Sexual signals such as colourful plumage are critical for mate attraction and hence reproduction, even though their conspicuousness exposes them to parasites and predators (Zuk & Kolluru 1998
). Such signals often represent compromises between natural and sexual selection. Since 1991, we have been examining the responses to such conflicting selective pressure in populations of the field cricket Teleogryllus oceanicus
, an Australian and Pacific Island species introduced to three Hawaiian Islands (Oahu, the Big Island of Hawaii and Kauai), where it is subject to an acoustically orienting parasitoid fly, Ormia ochracea
(Zuk et al. 1993
). The parasitoid is North American in origin and overlaps in range with T. oceanicus
only in Hawaii (Lehmann 2003
). The fly finds its host using the same signal (the calling song) that males produce to attract mates; fly larvae burrow into the cricket and develop inside, killing the host upon emergence.
Previous work demonstrated that parasitized populations have altered song structure, response to disturbance and calling behaviour compared with unparasitized populations (Zuk et al. 1993
; Rotenberry et al. 1996
; Lewkiewicz & Zuk 2004
). Here we document a much more extreme and rapid adaptive change, near-complete loss of calling, in the Kauai population, and examine its consequences for mate location and the evolution of mate choice in the context of interaction between behavioural plasticity and morphological adaptation.

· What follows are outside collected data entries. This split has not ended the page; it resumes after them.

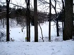 A deep ravine, leading down from Forest Hill Cemetery to the Huron River, was left undeveloped as the surrounding land was converted to farmland in the 19th century. By the 1850s, the ravine was referred to as "Schoolgirls' Glen," likely for the pupils of a girls' school who gathered flowers there. Schoolgirls' Glen became popular as a retreat for university students, due to its location close to campus. The glen's beauty inspired an 1875 anonymous opinion piece in a student newspaper, which read in part that “no person with any poetry in his soul can walk from the second railroad bridge north to Schoolgirls’ Glen without rhyming all the way.”[6][7]
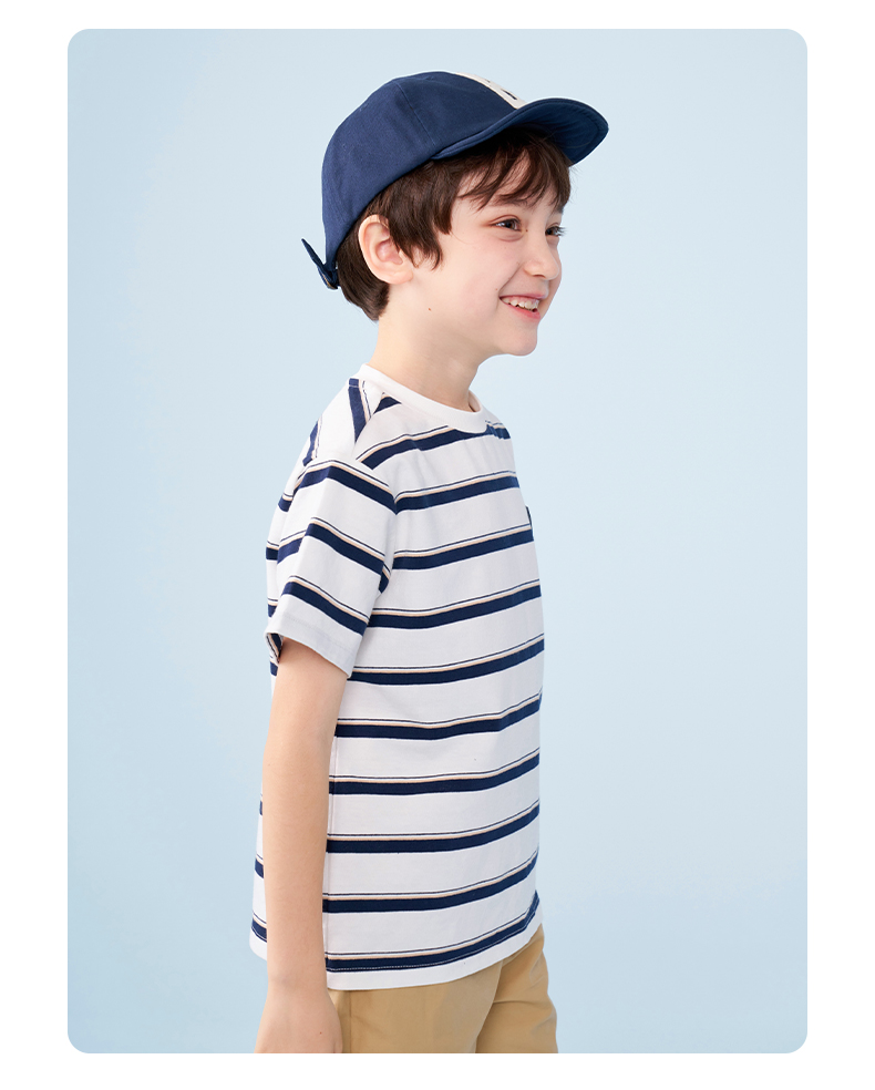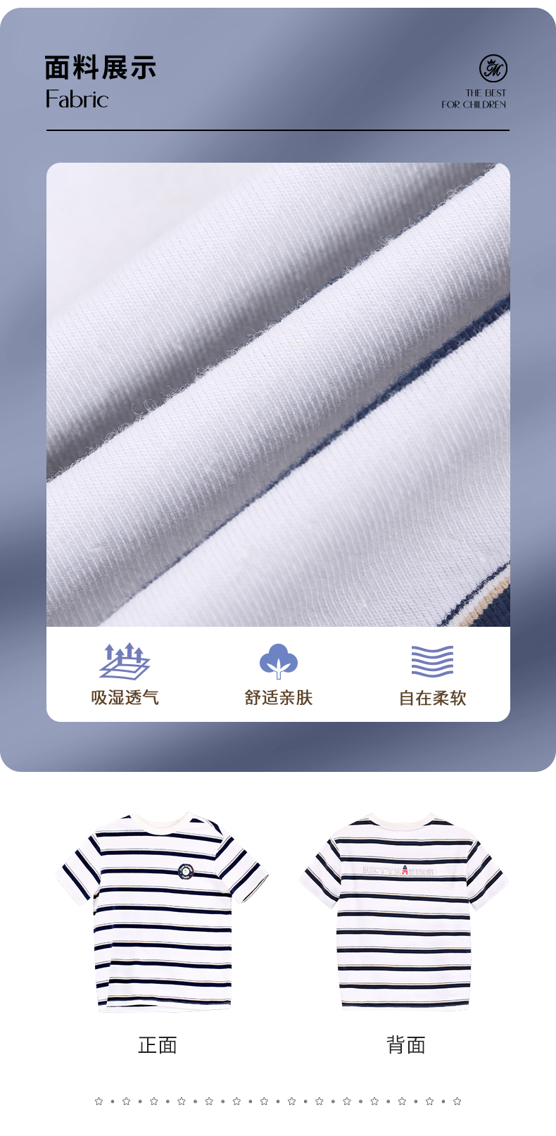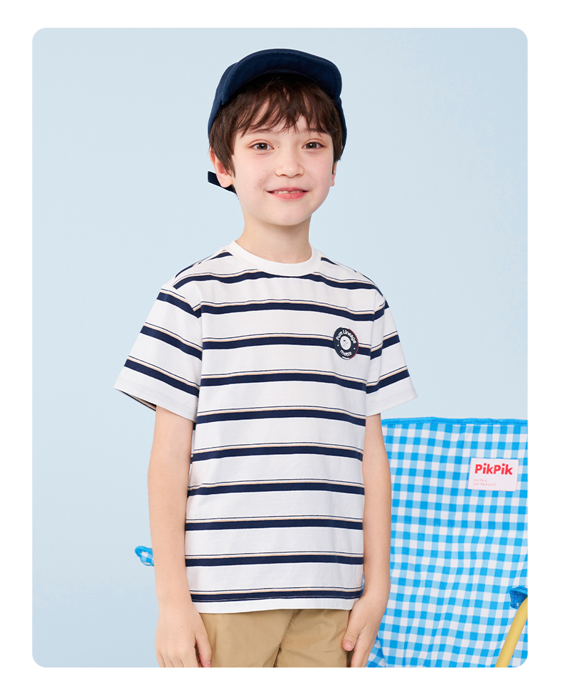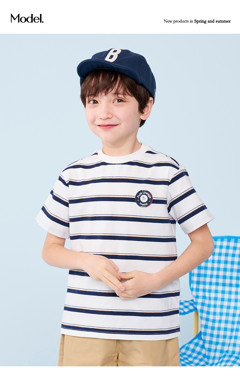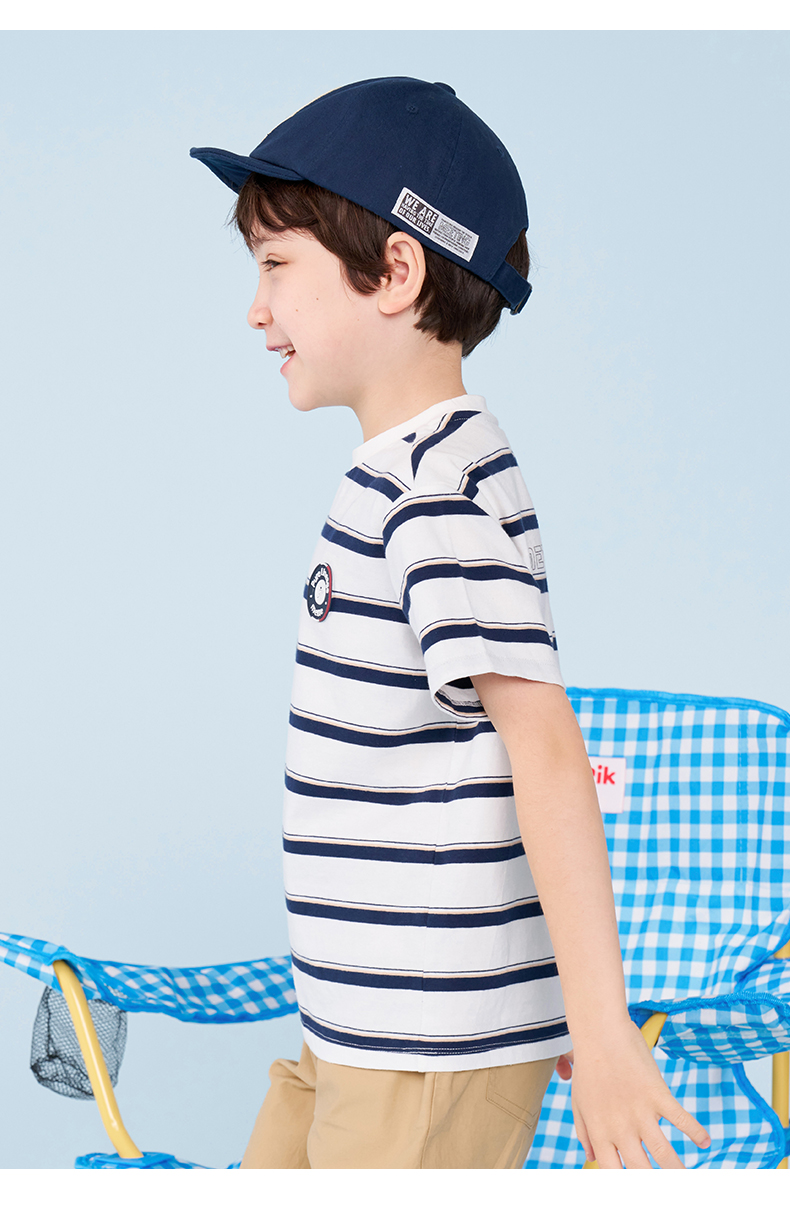 mettekids男童短袖t恤夏季儿童休闲条纹童装上衣中大童洋气打底衫
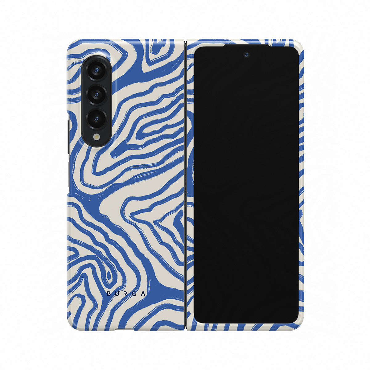 The Seven Seas Samsung Galaxy Z Fold 3 case is a perfect accessory for those who love the ocean and seek to carry a piece of its magic with them. The delicate swirls that dance in shades of oceanic blue inspire a sense of adventure. At the same time, they invite us to pause and appreciate the fluidity and serenity of the sea.
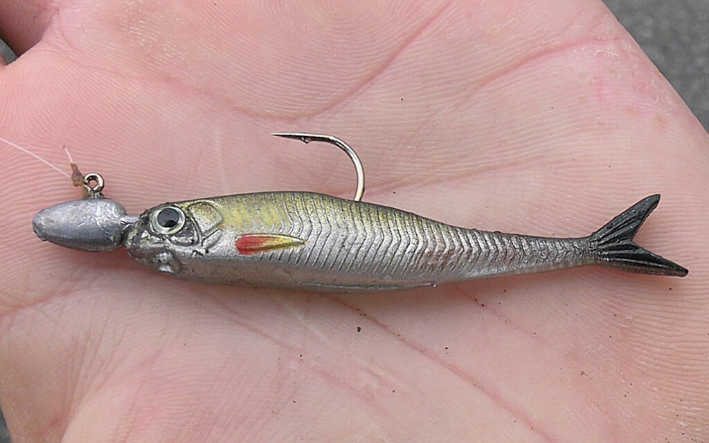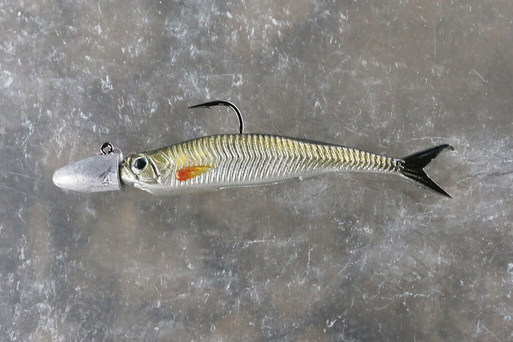 ダート系ジグヘッドとフィッシュフライの相性がよいのか、コレだけで機敏に素早くダートしながらリアルなフラッシングダートアクションを発生。

Kauai has always had the highest prevalence of the parasitoid, with nearly 30% of calling males harbouring the fly (Zuk et al. 1993
). Presumably owing to the associated mortality, with each field visit since 1991 we heard and observed fewer crickets on that island, and in 2001 only heard a single calling male, with all crickets extremely scarce in intensive searches (methods; see electronic supplementary material). Over a three day visit in 2003, although we heard none calling, crickets were far more abundant than before in their habitat of fields and lawns. Further examination revealed that virtually all Kauai males had female-like wings, lacking the normal stridulatory apparatus of file and scraper required for sound production (hereafter called flatwings; ). Instead, the file is reduced in size and relocated at an angle precluding sound production (). Flatwings are thus unable to call. Populations from the other Hawaiian Islands as well as descendents from eggs collected on Kauai before 2003 continue to exhibit normal wings.
Figure 1 Underside of the right forewing from a normal-winged male (a), flatwing male (b) and female (c) Teleogryllus oceanicus. (d–f) SEM micrographs of these wings showing magnified structures of interest. Normal-winged males possess a stridulatory apparatus (more ...)
Loss of calling clearly protects the crickets from the parasitoid. Although flies are still attracted to sound traps on Kauai, out of 121 flatwings dissected, only one harboured parasitoid larvae, versus greater than 30% infestation rates previously associated with normal-winged males on Kauai. But this protection comes with the price of losing the sexual signal. How do females locate silent flatwing males? Moreover, like most field crickets, T. oceanicus
males produce a courtship song after a female is within close range. Females in this and other species require the male to produce the courtship song before mounting to receive a spermatophore (Burk 1983
; Libersat et al. 1994
). Flatwings can produce neither calling nor courtship song, and crickets are not known to use long-range pheromones for mate location (Tregenza & Wedell 1997
). Nevertheless, the now-thriving population of T. oceanicus
on Kauai suggests that the obstacles in both detecting and accepting mates have been overcome.
Here, we focus on the difficulty of long-range mate location. We propose that flatwing male T. oceanicus
on Kauai behave as ‘satellites’ (Cade 1980
) to the few calling males that remain, with an enhanced phonotaxis response to a calling song that brings them into close proximity with the caller. Attracted females should then be much more likely to encounter flatwings as potential mates than they would if the flatwings simply moved at random throughout the habitat. Male crickets from a variety of species, including T. oceanicus
, are normally attracted to the song of other males (Kiflawi & Gray 2000
), but they usually settle at least 1
m from the caller (M. Zuk 1991–2004, unpublished observations). Satellite behaviour was proposed for a related species, Gryllus texensis
, subject to parasitization by O. ochracea
in North America (Cade 1975
). We predicted that flatwings would move towards a caller more quickly, and stop at a point closer to the caller, than would normal-winged males.